Davalılar, davanın reddini istemiştir.
Mahkemece, davanın kısmen kabulüne verilmiştir.
Davacı işçinin fazla çalışma yapıp yapmadığı konusunda taraflar arasında uyuşmazlık bulunmaktadır.
Fazla çalışma yaptığını iddia eden işçi bu iddiasını ispatla yükümlüdür. Ücret bordrolarına ilişkin kurallar burada da geçerlidir. İşçinin imzasını taşıyan bordro sahteliği ispat edilinceye kadar kesin delil niteliğindedir. Bir başka anlatımla bordronun sahteliği ileri sürülüp kanıtlanmadıkça, imzalı bordroda görünen fazla çalışma alacağının ödendiği varsayılır.
Fazla çalışmanın ispatı konusunda işyeri kayıtları, özellikle işyerine giriş çıkışı gösteren belgeler, işyeri iç yazışmaları delil niteliğindedir. Ancak, fazla çalışmanın yazılı belgelerle kanıtlanamaması durumunda tarafların, tanık beyanları ile sonuca gidilmesi gerekir. Bunun dışında herkesçe bilinen genel bazı vakıalar da bu noktada göz önüne alınabilir. İşçinin fiilen yaptığı işin niteliği ve yoğunluğuna göre de fazla çalışma olup olmadığı araştırılmalıdır.
İmzalı ücret bordrolarında fazla çalışma ücreti ödendiği anlaşılıyorsa, işçi tarafından gerçekte daha fazla çalışma yaptığının ileri sürülmesi mümkün değildir. Ancak, işçinin fazla çalışma alacağının daha fazla olduğu yönündeki ihtirazi kaydının bulunması halinde, bordroda görünenden daha fazla çalışmanın ispatı her türlü delille yapılabilir. Bordroların imzalı ve ihtirazi kayıtsız olması durumunda, işçinin bordroda belirtilenden daha fazla çalışmayı yazılı belge ile kanıtlaması gerekir. İşçiye bordro imzalatılmadığı halde, fazla çalışma ücreti tahakkuklarını da içeren her ay değişik miktarlarda ücret ödemelerinin banka kanalıyla yapılması durumunda, ihtirazi kayıt ileri sürülmemiş olması, ödenenin üzerinde fazla çalışma yapıldığının yazılı delille ispatlanması gerektiği sonucunu doğurmaktadır.
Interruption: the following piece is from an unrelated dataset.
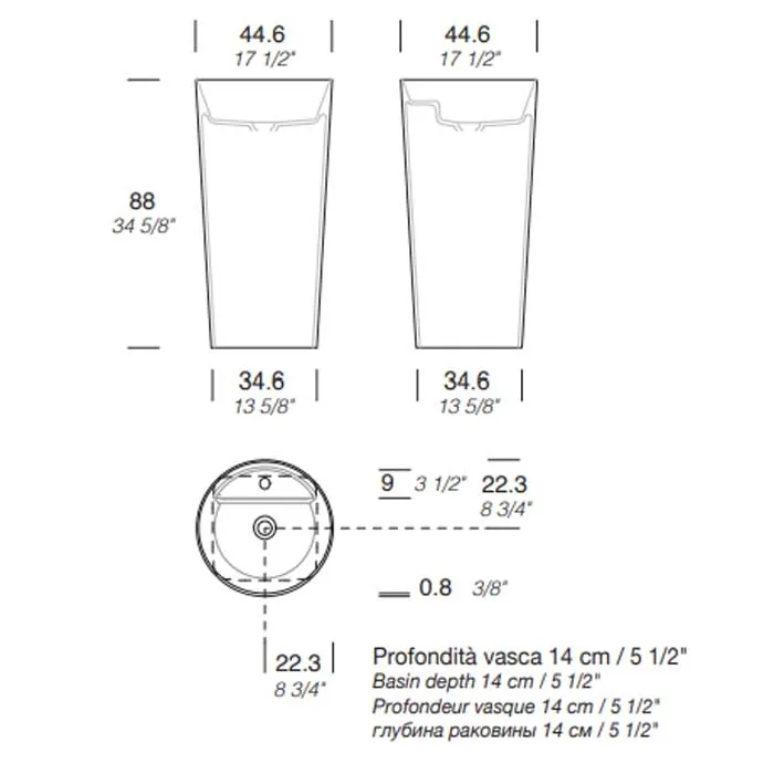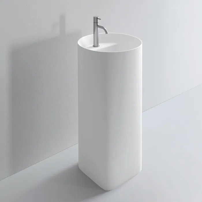 Раковина Milldue AZUMA 88 напольная из CRISTALPLANT ,D 44,6 H 88 ,слив в стену, 1 отв для смесителя, белый матовый 5708*1 Bianco Opaco

Somut olayda davacının fazla mesai ücreti tanık beyanına göre haftalık 5 saat fazla mesai yaptığı kabul edilmek suretiyle hesaplanmış ve mahkemece yapılan bu hesaplama hüküm altına alınmıştır. Oysa davacı bir tane tanık dinletmiş olup, bu tanık davacının hafta içi 5 gün 8.00-17.00 saatleri arasında çalıştığını ve fazla mesai yapılmadığını beyan etmiş olup buna göre davacının haftalık 45 saati aşan çalışmasının bulunmadığı anlaşılmaktadır. Mahkemece bu husus gözetilmeksizin fazla mesai ücreti talebinin reddi yerine kabulüne karar verilmiş olması hatalı olup bozma nedenidir.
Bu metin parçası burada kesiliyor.